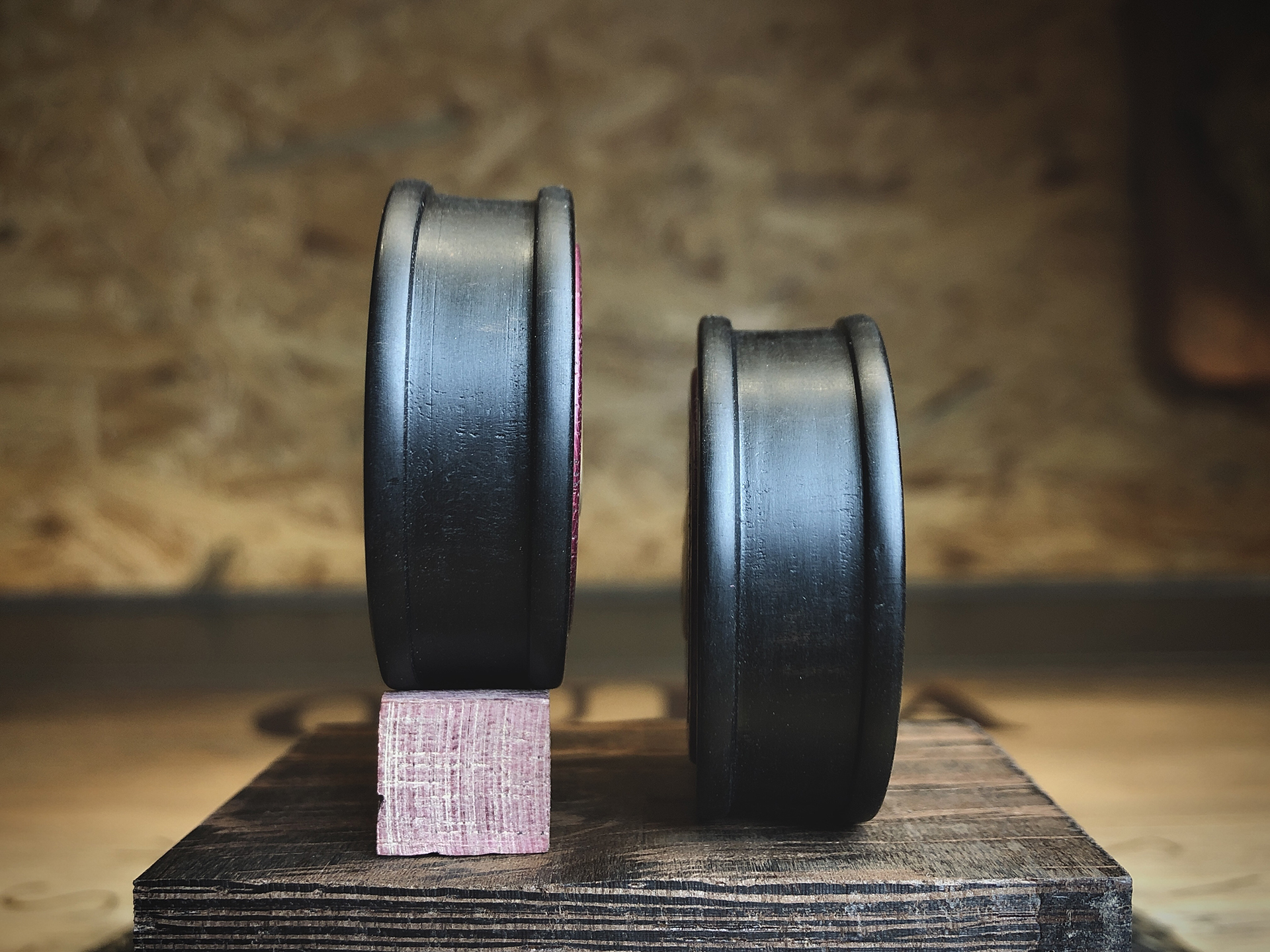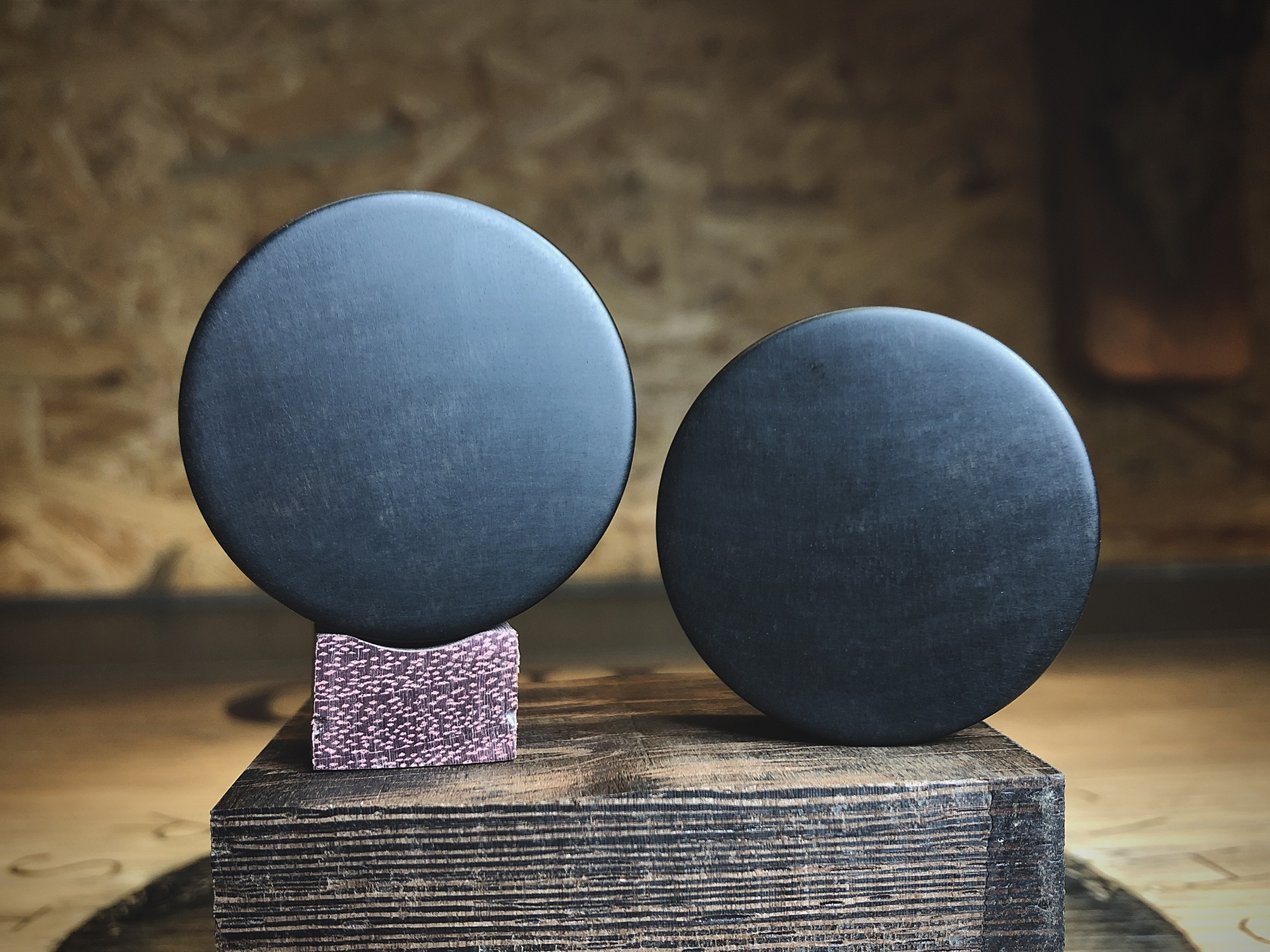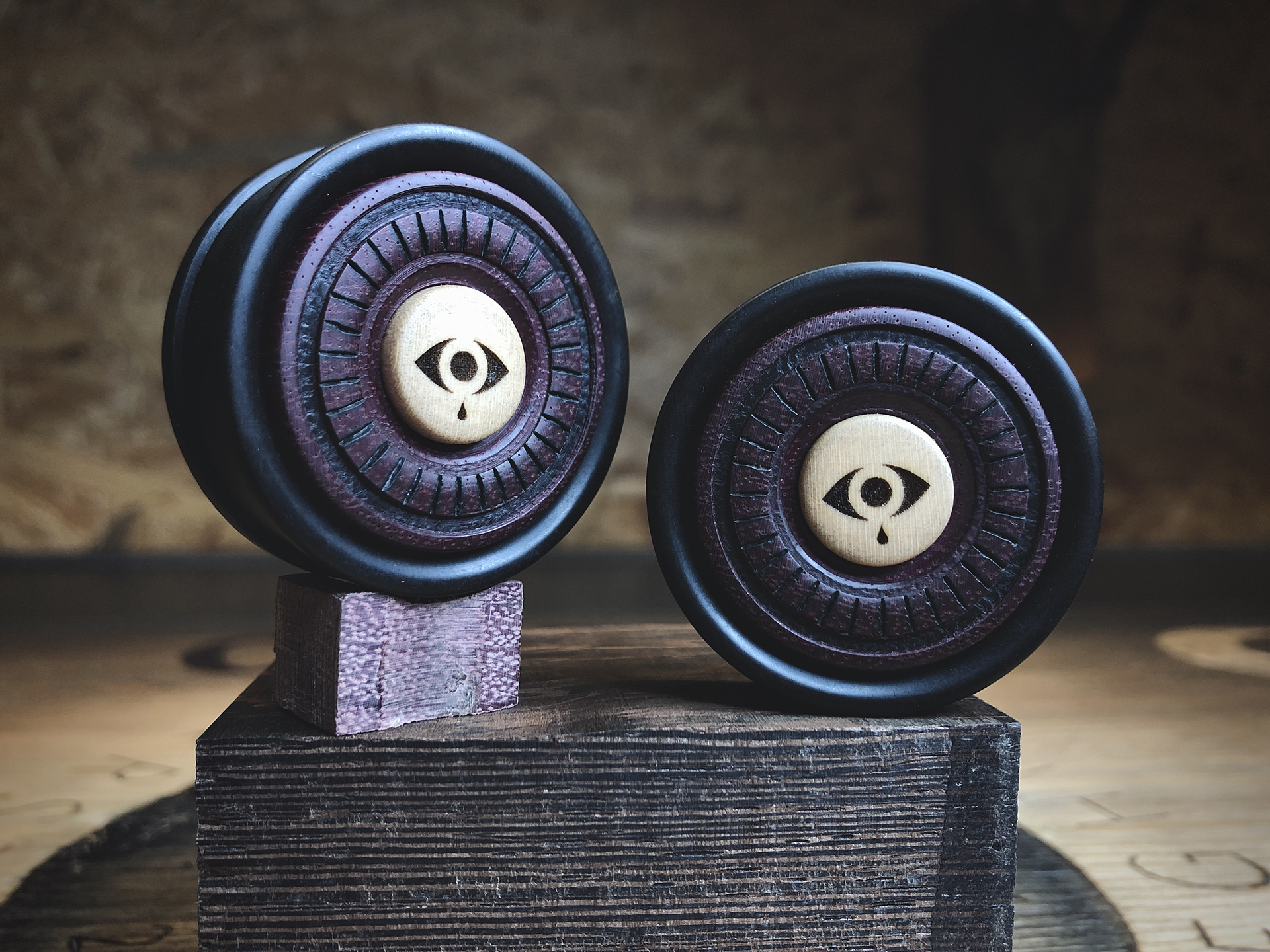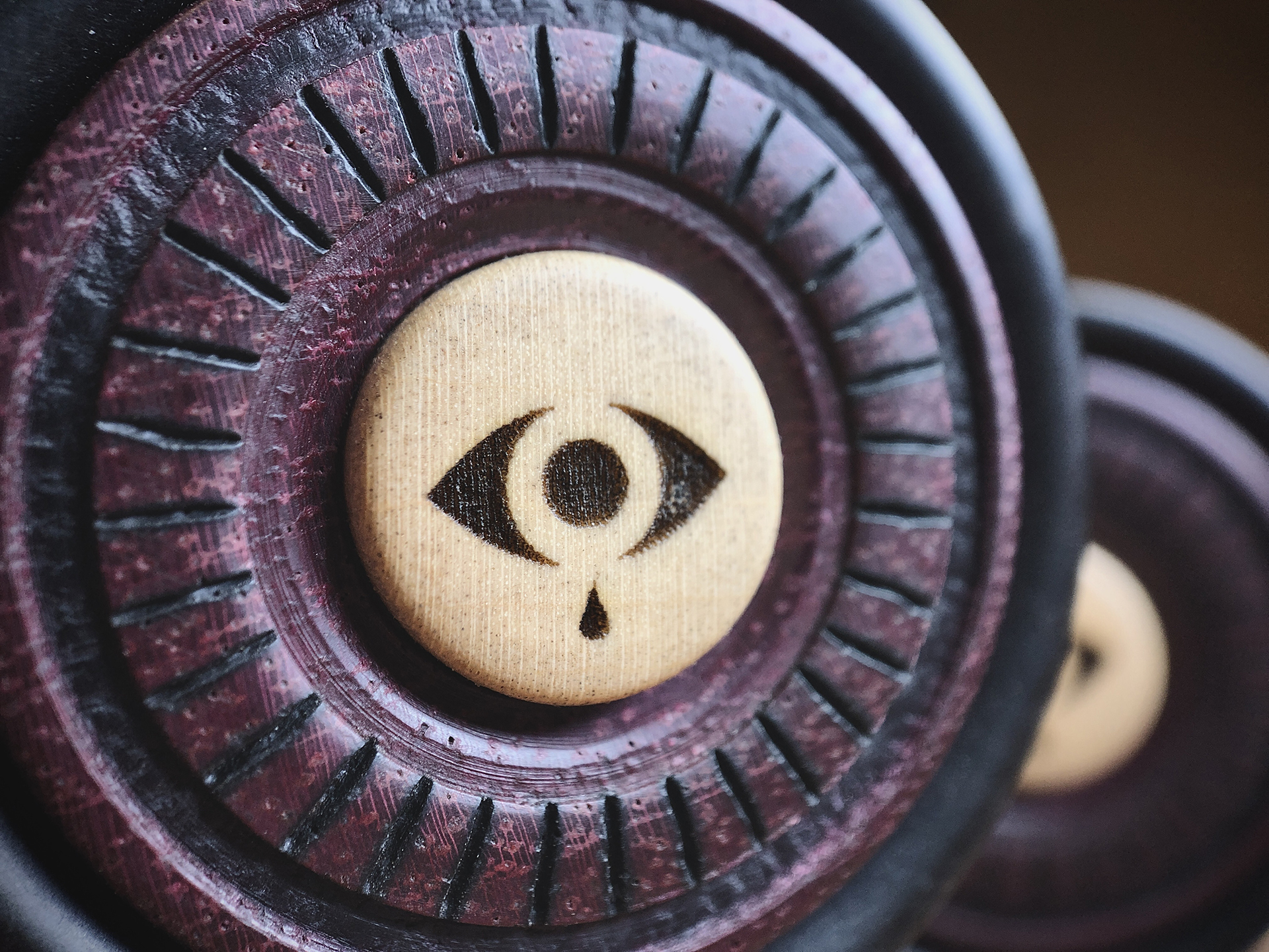 . Wooden plug with 2 inlays and Rays and symbol pyrographies
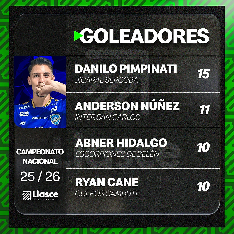 ⚽🏃♂Tabla de goleadores, Campeonato Nacional de la Liga de Ascenso 25 / 26 ⚽
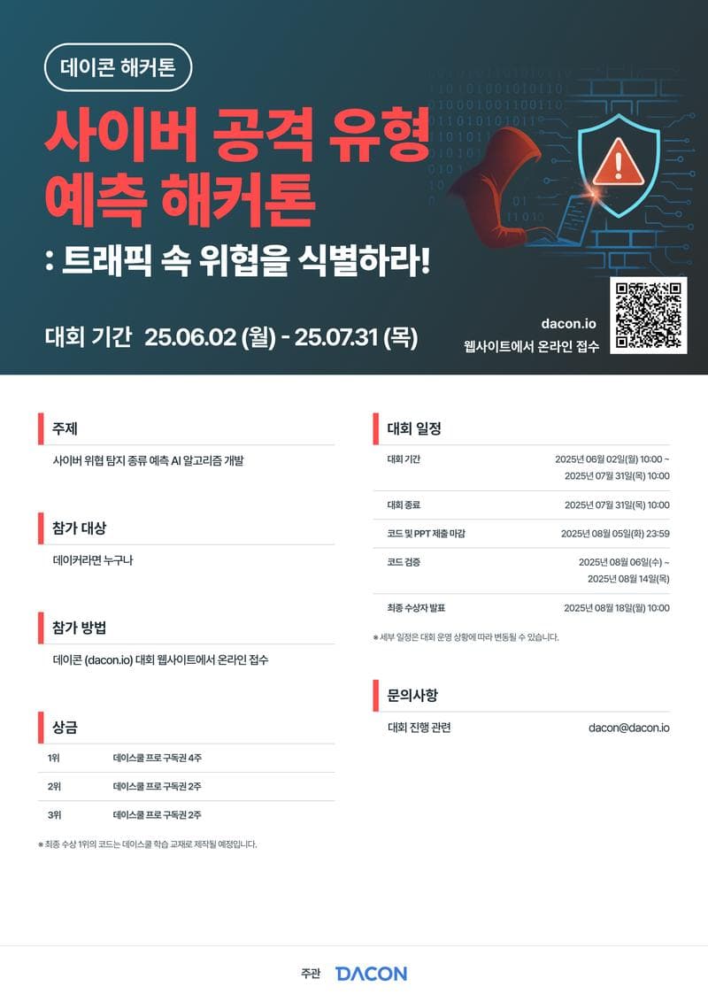 대회 1등부터 3등까지는 수상 인증서(Certification) 발급과 데이스쿨 Pro 구독권
════════
| WORK INSTRUCTIONS |
In the reply, each line of the data must appear exactly as written, and no picture may appear.

| RESULT OF THE TASK |
 . Wooden plug with 2 inlays and Rays and symbol pyrographies
 ⚽🏃♂Tabla de goleadores, Campeonato Nacional de la Liga de Ascenso 25 / 26 ⚽
 대회 1등부터 3등까지는 수상 인증서(Certification) 발급과 데이스쿨 Pro 구독권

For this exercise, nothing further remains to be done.